I see a lot of folks asking about light and a lot of folks testifying about their light setups. I recently picked up a light meter. It's a cheap one that measures foot candles. A light meter is the only definitive measure of the light level on your plants. I very useful tool. I'd like to explain that and try to answer a few of the recent questions on the thread.
Watts
(Total Watts from all the lights * hours lit ) /1000 = kilowatt hours
A watt is a watt here. The wattage listed on each bulb is a direct measure of its power consumption. Some CFL bulbs are sold with a wattage equivalent in incandescent lighting. This number means nothing to us. If you are replacing incandescent lights (old style light bulbs) then this number would have meaning but it is not a measure of the light or power consumption of the bulb. Every bulb should have its real wattage listed on the bulb. One watt burns one kilowatt hour of power every hour.
Kilowatt_hour
I you have 5 200w CFL bulbs they burn power 1000kwh like a single 1000w HPS light. High levels of power consumption generates heat in the wiring which lowers the conductivity of the wiring and will cause a larger power draw. Using high grade wiring (rated in amps) and spreading out the load you can approach the listed power consumption. This is why folks like the 240 power as it can handle the load with less heat and provides a much larger capacity per circuit. Conversely, if you hook up a whole bunch of CFL lights to a cheap extension cord it will heat and increase the power usage.
Lumens and Foot Candles/Lux
Lumens are a measure of the amount of light that will shine off a bulb. This is number is represents all the light that comes off the entire bulb. Lumens is not a measure of the light hitting your plants. Light is going to shine off a bulb in an area more or less the same shape as the bulb. The thing to remember here is that lumens alone do not determine the light reaching the plants. You need lumens AND coverage area to calculate the light that is shining on a given point in the canopy.
Lux and Foot Candles are a measure of how much light is shining on a given point. I have a light meter that measures in foot candles the high end meters measure Lux. (1 ft candle = 10.74 Lux)

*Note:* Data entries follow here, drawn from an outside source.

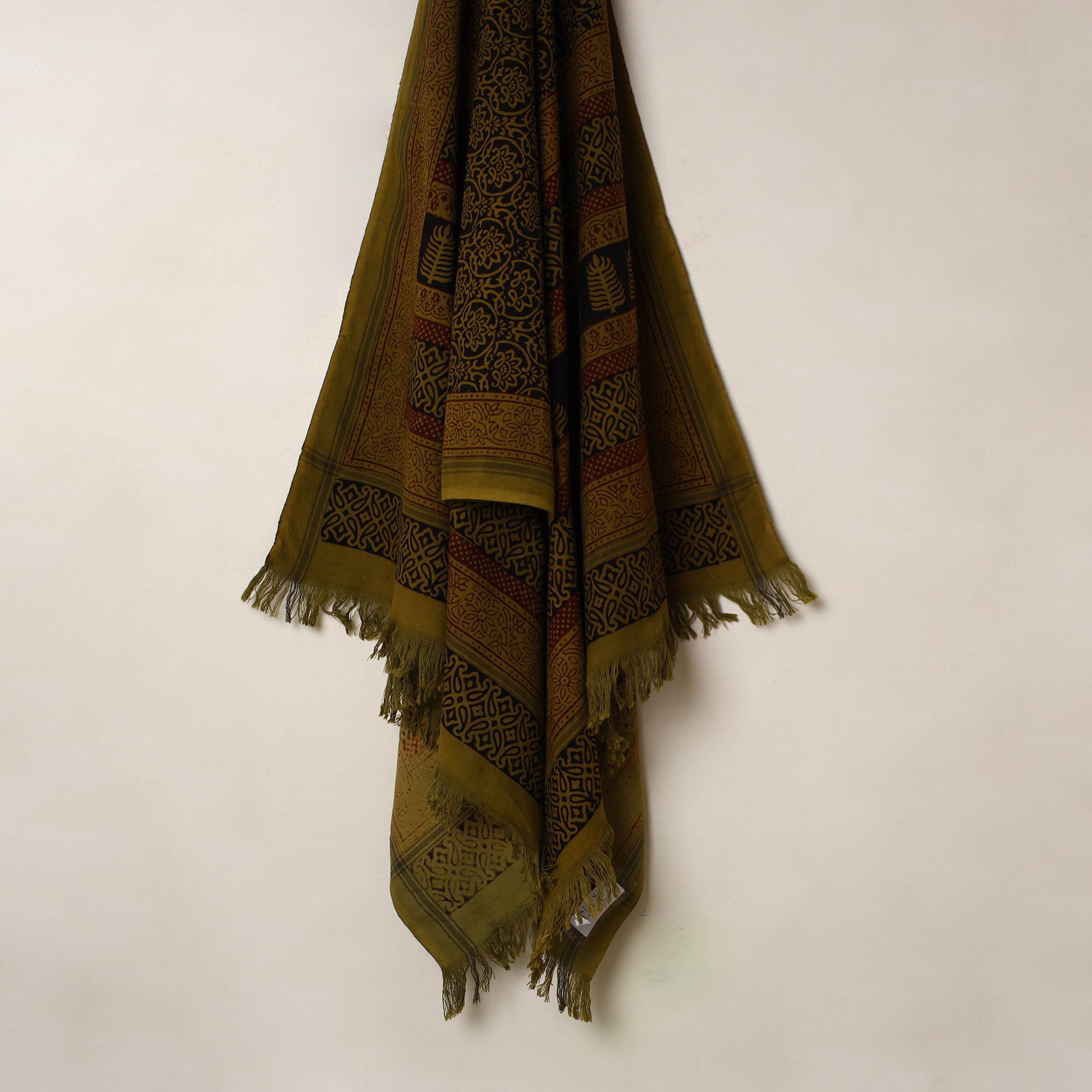 Wrap yourself in the charm of age-old craftsmanship with this green bagh print cotton towel, meticulously created by skilled artisans in Madhya Pradesh. Adorned with intricate patterns and natural dyed with traditional methods, it seamlessly blends artistry with functionality. Soft, highly absorbent, and lightweight, it is an excellent choice for daily use.
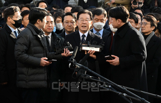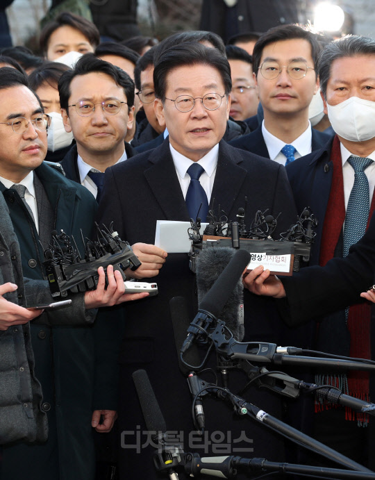 [포토] 검찰 포토라인에 선 이재명 대표
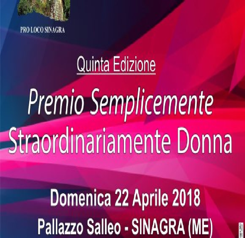 Sinagra (Messina) – Torna il premio biennale -Semplicemente, Straordinariamente Donna-, organizzato dalla Proloco di Sinagra, l’Associazione presieduta da Enza Mola, è giunto quest’anno alla Quinta edizione. Tutto pronto dunque per la cerimonia di consegna che si terrà domenica 22 Aprile 2018 con inizio alle ore 18.00 nel salone di rappresentanza di Palazzo Salleo a Sinagra. A ritirare l’ambito riconoscimento, per l’alto profilo personale e professionale, tre donne che rappresentano davvero l’eccellenza in ambito regionale e nazionale.
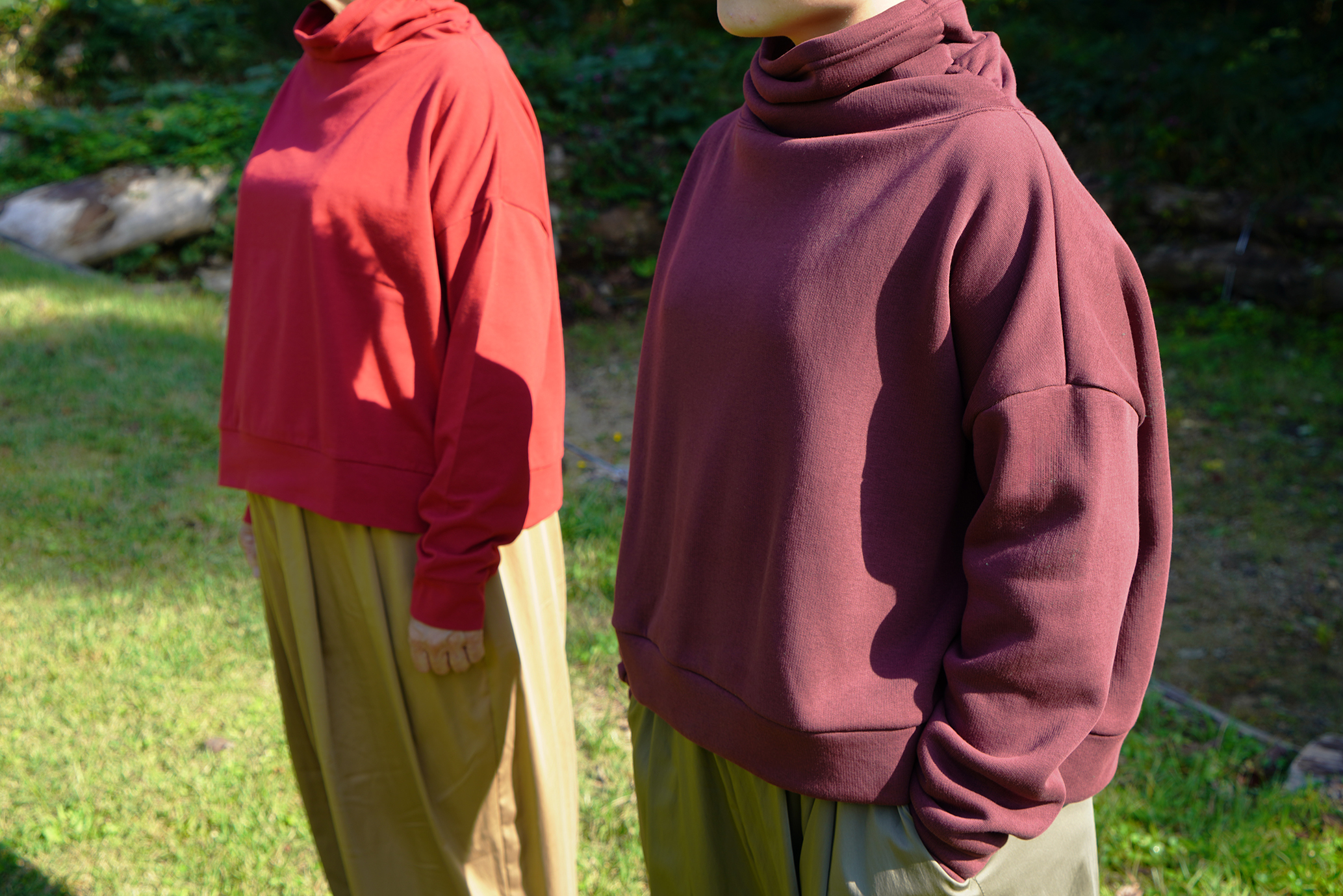unseul 裏起毛ハイネックギャザートップス <バーガンディー>
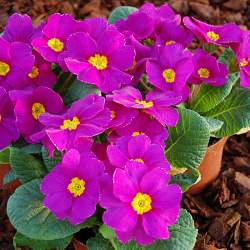 Примула Crescendo Purple (Крещендо Пёпл) — красивоцветущее влаголюбивое растение до 30 см высотой. Цветки вишневые с желтым глазком , очень богатое цветение. Цветет в мае, повторно в сентябре. Абсолютно зимостойка.
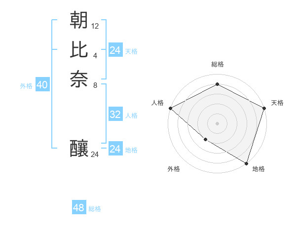 朝比奈 釀さんの総格は48画の4点!
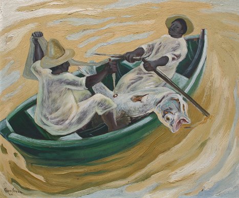 MEZA, Jose Reyes, (Mexican, 1924-): Fishermen Hauling in the Day's Catch, Oil/Masonite, 14'' x 17'', signed lower left, dated '49, gilded frame with wear, 19'' x 21 3/4''.
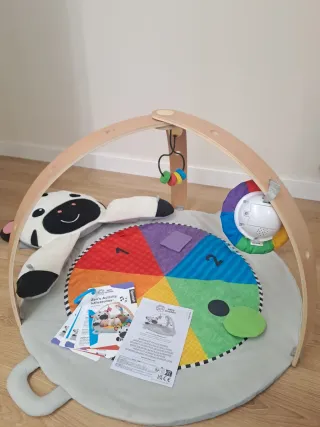 Gimnasio para bebés de la marca Baby Einstein, con un diseño colorido y educativo. - Incluye arco de madera con juguetes colgantes. - Tapete de actividades con diferentes texturas y números. - Peluche de vaca. - Juguete musical. - Manuales de instrucciones. Incluye también almohada oficial.
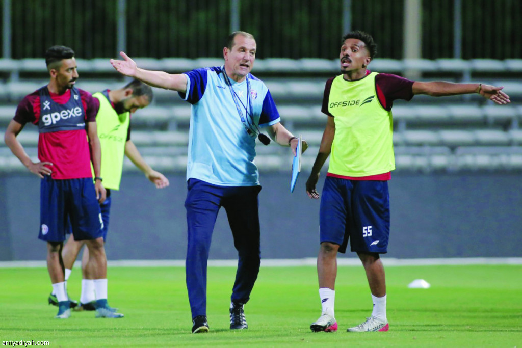 صورة التقطت أمس لإسكندر القصري مدرب العدالة وعبد العزيز مجرشي الظهير الأيمن يتبادلان النقاش خلال التحضيرات لمواجهة الفيصلي اليوم(المركز الإعلامي ـ العدالة)
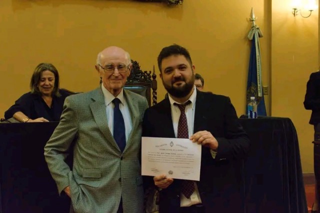 El pasado 8 de noviembre de 2022 en Ciudad Autónoma de Buenos Aires, el Prof. Javier Rodrigo (graduado reciente en la Facultad de Humanidades y Ciencias de la UNL) fue reconocido por la Academia Nacional de la Historia con el Premio al Egresado con mayor promedio en la carrera de Historia de la UNL, promoción 2021. La distinción fue entregada por el presidente de la Academia, Dr. Natalio R. Botana.
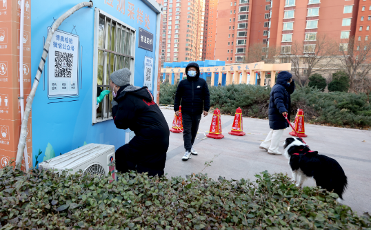 ▲北京市丰台区一处核酸检测点,市民接受检测。中新社
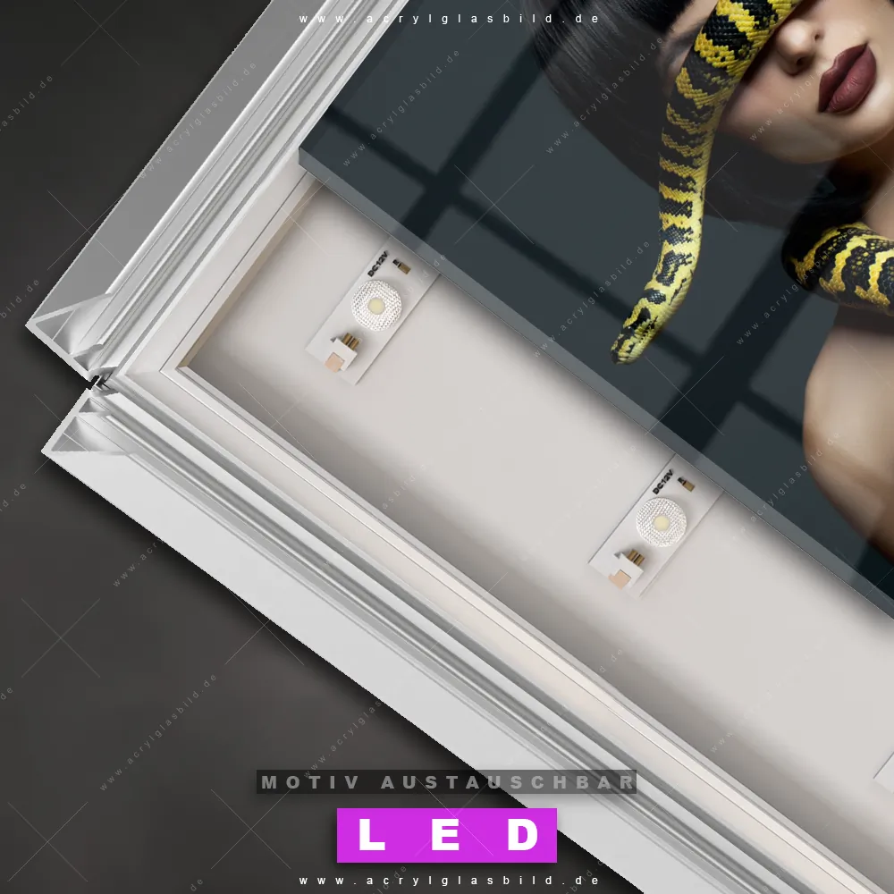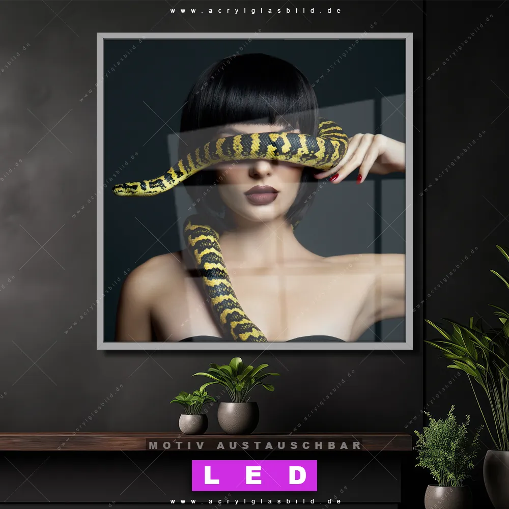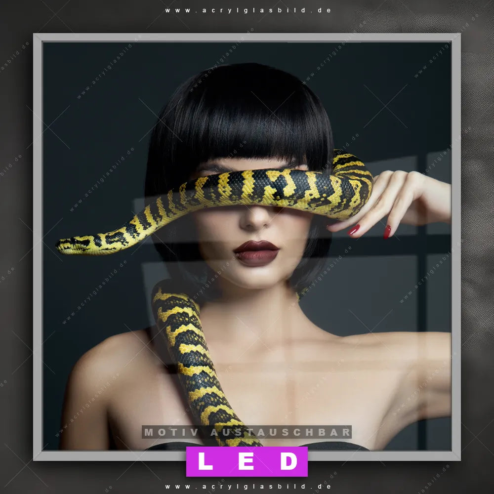 Bist du bereit, deine Wände mit einem dimmbaren LED Bild mit Fernbedienung und optionaler Farbtemperatursteuerung zum Leuchten zu bringen? Wir haben das ultimative Porträts - Menschen, Tierwelt LED Acrylglasbild Canvalight® DIA für dich! Unser LED Wandbild aus Acrylglas Frau mit gelber Schlange im Quadratischen Format mit austauschbarer bedruckter Acrylglas-Scheibe im DIA-Klapprahmen bringt sofort jede Menge Glanz in deine vier Wände.
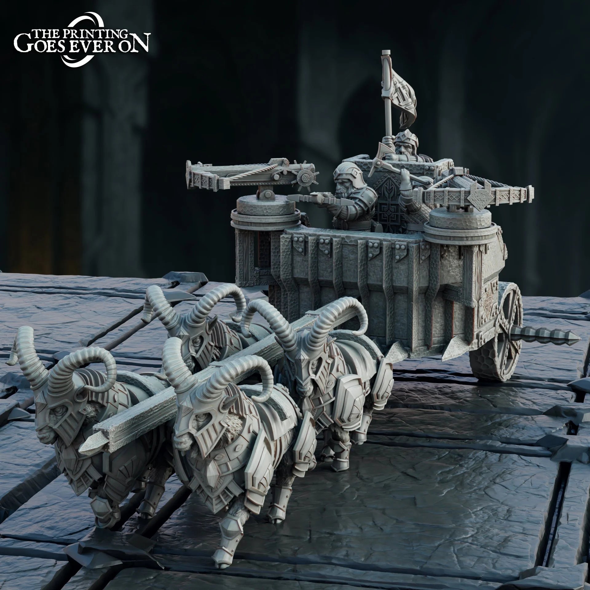 A Dwarven Chariot with 3 crew printed at 28mm scale in resin, perfect for a certain fantasy setting following 9 adventurers on a quest to destroy a powerful magic ring.
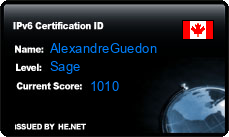 <a href="http://ipv6.he.net/certification/scoresheet.php?pass_name=AlexandreGuedon" target="_blank"><img src="http://ipv6.he.net/certification/create_badge.php?pass_name=AlexandreGuedon&amp;badge=3" style="border: 0; width: 229px; height: 137px" alt="IPv6"></img></a>

Foot-candle (Lumens / sq ft) = Lux, (Lux/10.74 = ft candles) As the light moves away from the source it defuses exponentially in 360 degrees. The coverage area increases and the light levels drop. The decay looks like this based on the listed lumens from each bulb:
What is really important here is the shape of the curves. You will see this same shape from all bulbs and the sun. I have used my light meter to verify the shape of these curves on CFLs, HPS and LED lights. When I make readings there's always ambient and reflective light. I'm measuring to adjust for hot or cold spots. For example my 600w HPS gives me 4570 ft candles at the top of the plants 12 inches from the reflector. My 125w CFL gives 3740 at the top of the plants 2 inches from the bulb. The 600w light is at 3700 ft cn at 17 inches. The 125w CFL drops below 1000ft candles at 8 inches, the 600w HPS drops that low at 33 inches. 600w has a 21 inch grow zone where the CFL has only 6 inches.
Color Spectrum
I can't measure spectrum nor can I calculate it from the information at hand. Each of my bulbs are rated for Color Temperature.
A measurement, represented in degrees Kelvin, which indicates whether a lamp has a warm or cool color appearance. Warm light sources (2000-3000K) appear more yellow while cool light sources (4000K or higher) feature more light in the blue spectrum. — 1000bulbs.com
I have plenty of testimonials, many on this site, on low red color temperatures being better for flower and high blue better for veg. The absorbed spectrum is central to the ad pitch for LED lights.
This shows that plants absorb the red and blue light and not so much the green. I can't measure the absorption or the spectrum of the light. I did measure an LED light at a local store this weekend with my light meter. It was a 300w array made from 6watt and 5watt bulbs. It gave off 3740 ft candles at 2 inches and 1740 at 4 inches. As I expected the light levels drop fast from the array of small bulbs as the early "spike" in light curve is so short, so short that the bulbs at one end can't really shine all the way to the far end of the panel. I'd guess that it would take a 100% better absorption rate to match the effective grow area a 600w HPS (at half the watts). This exceeds their claims of 80% better which I find unreasonable to begin with. I believe their lights have the spectrum but the the HPS/CFL lights we use are more efficient then the LED vendors claim. I also, conclude that LEDs would be the right choice for some grows. While the coverage area is not as deep, its is flat (the shape of the panel) and the low heat output can save grow space.
My advice, Get a light meter. Power is expensive and its the only way to get real measurements of bulb output, ambient and reflected light in your grow. To get full effect of your lights you need to find the hot and cold spots and adjust the lights and groom the plants to maximize coverage. My meter cost $80 and I think the adjustments I've made using it are already worth the cost.